By default, paths will be interpreted relative to your working directory --
run the `getwd()` command if you're not sure where that is. Otherwise you
could provide an absolute path from your home folder on your machine,
denoted by `~`. An example is Wade's use of
`proj_base = "~/Data/Independent_Consulting/Penn/Matei/"`.

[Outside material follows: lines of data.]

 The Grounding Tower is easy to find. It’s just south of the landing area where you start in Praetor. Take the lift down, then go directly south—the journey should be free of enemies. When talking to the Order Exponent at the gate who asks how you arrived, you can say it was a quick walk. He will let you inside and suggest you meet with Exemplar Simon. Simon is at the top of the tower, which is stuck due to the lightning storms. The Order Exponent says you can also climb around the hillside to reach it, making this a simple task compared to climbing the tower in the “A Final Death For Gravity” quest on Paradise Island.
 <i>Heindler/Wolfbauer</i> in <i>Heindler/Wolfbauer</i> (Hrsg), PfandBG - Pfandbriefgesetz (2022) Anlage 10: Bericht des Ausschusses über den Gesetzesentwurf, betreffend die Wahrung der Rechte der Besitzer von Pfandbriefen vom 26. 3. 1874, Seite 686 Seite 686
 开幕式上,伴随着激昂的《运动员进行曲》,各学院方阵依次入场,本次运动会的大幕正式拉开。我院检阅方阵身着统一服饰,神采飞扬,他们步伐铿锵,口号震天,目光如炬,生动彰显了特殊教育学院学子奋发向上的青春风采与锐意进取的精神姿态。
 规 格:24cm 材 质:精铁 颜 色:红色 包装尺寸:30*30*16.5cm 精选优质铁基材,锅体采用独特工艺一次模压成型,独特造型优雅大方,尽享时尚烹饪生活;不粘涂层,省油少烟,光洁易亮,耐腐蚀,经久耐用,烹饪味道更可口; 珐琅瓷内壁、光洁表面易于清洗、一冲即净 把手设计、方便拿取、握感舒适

Once you complete these prerequisites, you can use the `list.files` command
to find files in a given location, whose name matches a given pattern.
In this case, I'm looking for the .txt files I created. For your project,
you may want to replace .txt with .fcs.

The argument `recursive=TRUE` looks inside subdirectories of `data_base`.
Use `?list.files` to read the documentation of this function and learn more.

```{r read}
data_base <- "data"
files <- list.files(path=data_base, pattern=".txt", recursive = TRUE)
files
```

Let's start creating the manifest. We create a tibble (fancy name for a data
frame) which initially has just one column, the file path. Then we mutate
to add additional columns. Note the pipe operator `%>%`, which takes the
output of the previous command and inputs it to the next.

```{r manifest}
manifest <- tibble(path = files) %>% # Data frame with one column, the file path
  mutate(filename = path %>%
           str_split(pattern="/") %>% # Split the path on "/"
           sapply("[", 2), # Filename is the second piece
         condition = path %>%
           str_split(pattern="/") %>%
           sapply("[", 1)) # Condition is the first piece (directory name)

manifest
```

Let's go further and extract the tissue type and subject name from the filename.
We now have to split on two characters, "_" and ".". For this we use the
expression "[_.]+".

```{r split_file_name, tibble.width=Inf}
manifest <- manifest %>%
  mutate(tissue = filename %>%
           str_split(pattern="[_.]+") %>% # Split string on multiple characters
           sapply("[", 1), # Tissue is first piece
         subject = filename %>%
           str_split(pattern="[_.]+") %>%
           sapply("[", 2)) # Subject name is second piece

manifest
```

## Joining with analysis results

Assume now that you did some analysis on your files, and came up
with some values for a biomarker in each of the files. For this
exercise, I will create some dummy results instead of actually
running an analysis.

```{r dummy_results}
results <- tibble(file = sort(files, decreasing=TRUE),
                  biomarker = c(1, 1, 5, 6))

results
```

For some reason, the order of your files changed during the analysis.
If you naively concatenate the results with your manifest (using the
`rbind` function) you will mix up the association between subjects
and results. To avoid this you should do a join.

```{r join_data}
manifest_results <- inner_join(manifest, results, by=c("path"="file"))
manifest_results
```

Now everything looks good, and you can do some statistics. In this case,
we explicitly told `inner_join` what columns to use for matching. By
default, it will use all columns with common names between the two
data frames, and throw an error if it doesn't find any.